Olhando pela janela do carro, Maya fechou os olhos, respirou o ar daquele lugar profundamente.
Queria ter também o cheiro dali gravado em sua memória, desse modo não teria nem como se esquecer.
Passaram em casa primeiramente, tomaram banho juntos e Maya preparou o café da manhã.
Como sempre as refeições eram na mesa, ela não abria mão disso jamais.
Para ela as refeições ficavam mais saborosas quando feita em conjunto e reunido.
--- Como está indo o seu desempenho com Audrey?
--- Ela não está tão a vontade mas está melhor que antes, só preciso ter paciência, o que não me falta mais.
--- É engraçado alguém que era inimigo da paciência se tornar tão paciente assim.
--- Uma prova de que nada nessa vida é impossível, obrigado por não desistir de mim Maya, teve várias oportunidades de desistir, mas não fez isso.
--- E como eu poderia desistir? Eu entrei nesse casamento determinada a viver um casamento feliz, e a amar você, não poderia desistir.
--- Ainda assim, foram dias difíceis, eu não conseguiria suportar tudo que você suportou.

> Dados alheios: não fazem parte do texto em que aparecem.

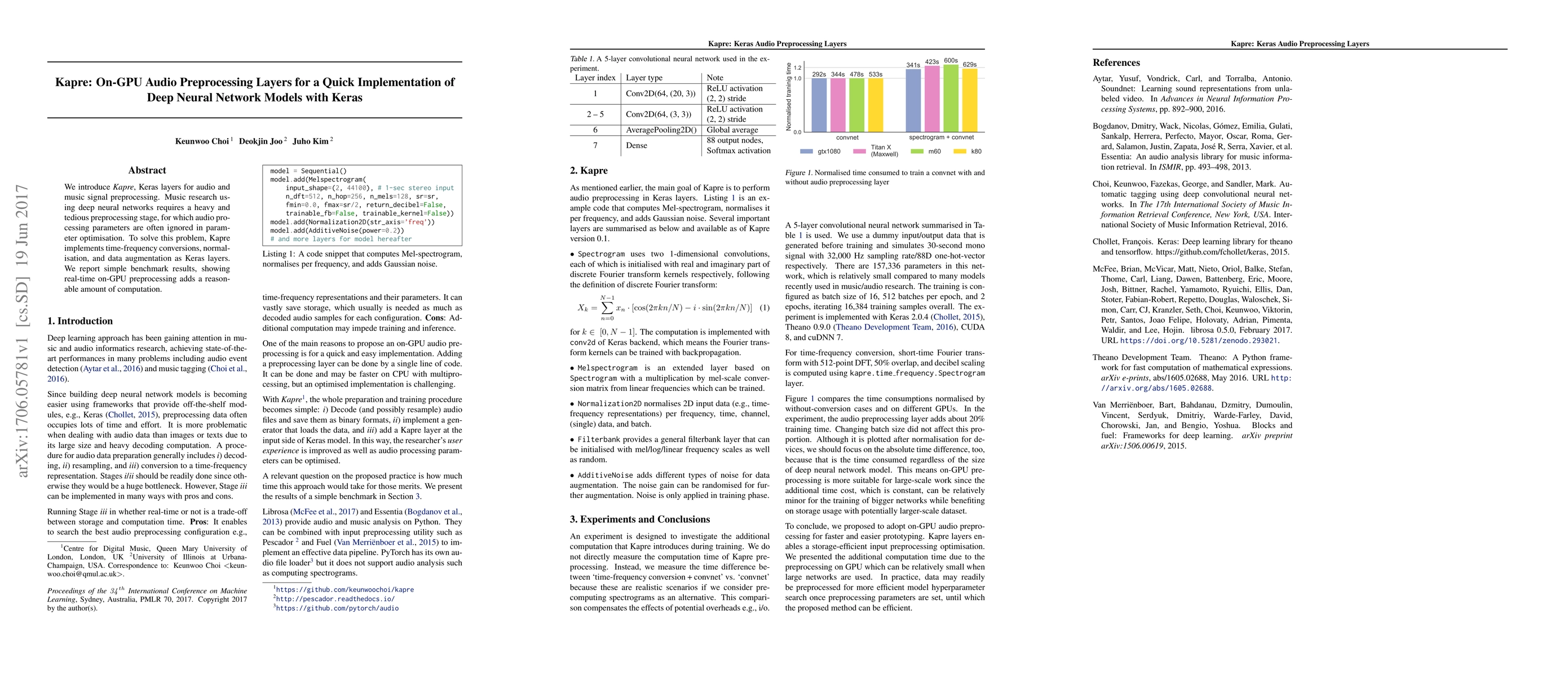 Kapre provides Keras layers for efficient audio and music signal preprocessing, addressing the heavy preprocessing burden in deep neural network models. It enables real-time on-GPU time-frequency conversions, normalization, and data augmentation, facilitating quicker model implementation.

--- Que foi difícil isso foi.
Tomaram café da manhã enquanto conversavam sobre diversos assuntos.
Vicent estava se descobrindo naquele tempo que decidiu recomeçar a sua vida.
Muitas coisas estava acontecendo em sua vida, nunca viveu dias tão incríveis.
Sua felicidade só aumentava a cada dia que se passava, não sabia como não decidiu fazer aquilo antes.
Estava tão cego, obcecado pela empresa e pelo seu trabalho, que não podia enxergar o que estava bem à frente do seu nariz.
Maya realmente chegou para mudar muita coisa, nem sabia como poderia agradecer a ela por tanto.
Após o café da manhã foram para a casa dos pais de Vicent, buscariam as crianças.
Assim que chegaram, as duas estavam com Omar brincando no jardim.
Maya entrou para conversar com Elena, e as crianças foram com ela, Vicent foi conversar com o pai.
--- Seu semblante está radiante, finalmente descobriu como é bom viver a vida?
--- Sim pai, demorou mas eu descobri.
--- Às vezes não é tarde para descobrir o que está bem debaixo do nosso nariz, você teve sorte de não ter sido tarde demais.
--- Não foi por sorte pai, foi por Maya, não posso negar que muitas pessoas fizeram um papel importante no meu recomeço, mas ela foi essencial.